How can I make a mini English-Chinese dictionary for Ubuntu?

When you open your Ubuntu, many English words are used. For example, accessories, education, graphics, internet, office, other, sound, video, system tools, preferences, run, and log out will all appear in the GUI.

How can I get a list of all English words used in the Ubuntu GUI?

I want a list of all English words so I can translate them into Chinese, to create a glossary for Ubuntu: a guide in Chinese to English-language Ubuntu terminology. This would work as a mini dictionary: a two-columns file with English on the left and Chinese on the right.

It is a joke to write the whole thing just from looking at the words on the GUI. I want a smart way to do the task. Is there a list of all the words used by Ubuntu?

Screenshot of text editor showing English and Chinese words

Typing by hand as I come across words in the GUI is a foolish way to get the task done.

  1. Copy out all English words one-by-one from the GUI when the locale is set to en_us.
  2. Copy out all Chinese words one-by-one from the GUI when the locale is set to zh.
  3. Put them together in one file, with English on the left and Chinese on the right.

Is there a smarter way to do this?
Which character in my /usr/lib/locale/locale-archive ?


Solution 1:

There are many ways which are used to store internationalized strings depending on the GUI toolkits or specifications.

  • The ones shown in the screenshot are from menu .directory files. Use same standard as .desktop from freedesktop project.
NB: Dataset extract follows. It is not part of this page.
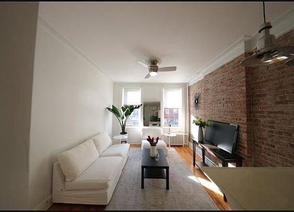 Modern appliancesExposed brickHardwood floorsCeiling fanGreat counter spaceConvenient laundryWell designed layout kitchen

See Desktop Entry Specification: Localized values for keys

    Here a script to extract them

    1. Create a shell file

      nano extract_zh_translation.sh
      

      Add

      #!/bin/bash            
      
      for f in $(ls $1)
      do
              name_en=`sed -n -e '0,/Name/{s/^\s*Name\s*=\s*//p}' $f`
              name_zh=`sed -n -e '0,/Name\[zh_CN\]/{s/^\s*Name\[zh_CN\]\s*=\s*//p}' $f`
      
              case `echo ${#name_en}/8 | bc` in
              3|2)    echo -e $name_en'\t'$name_zh
                      ;;
              1)      echo -e $name_en'\t\t'$name_zh
                      ;;
              0)      echo -e $name_en'\t\t\t'$name_zh
                      ;;
              esac
      done
      
    2. Make it executable

      chmod +x extract_zh_translation.sh
      
    3. Run it on menu directory entries

      ./extract_zh_translation.sh "/usr/share/desktop-directories/*.directory"
      

      Here is an output sample

    4. If you want application menu entries too

      ./extract_zh_translation.sh "/usr/share/applications/*.desktop"
      

      Here is an output sample

  • Other translations of Unity GUI is using gettext.
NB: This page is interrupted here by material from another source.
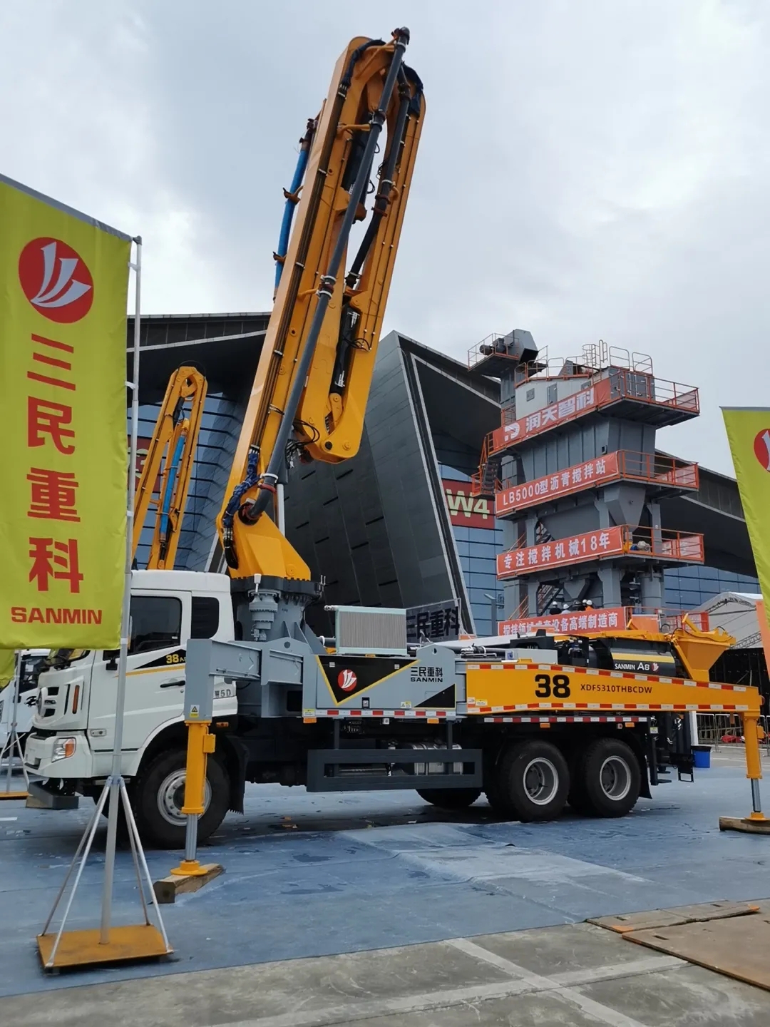 展會現場A8-38米攪拌臂架泵車側面實拍

    Files having the .gmo or .mo extension, are the final binary format. Check:

    locate -br .mo$ | grep zh_CN
    

    The source files have .po extension, you can download them from https://translations.launchpad.net/ or by downloading the complete source, example:

    apt-get source unity
    
  • Other GUI toolkits like Qt & Java are using different formats.

Solution 2:

Search for Ubuntu Translations https://wiki.ubuntu.com/Translations/

You can get the Expressions and Translations there.

Solution 3:

I think he is referring to another problem. On my Ubuntu I have setup English, Hebrew and French. You have to go to System Settings, Language Support and add the additional languages.

To have it boot up in a different language, you drag the preferred language to the top of the list. For me, it works like a charm.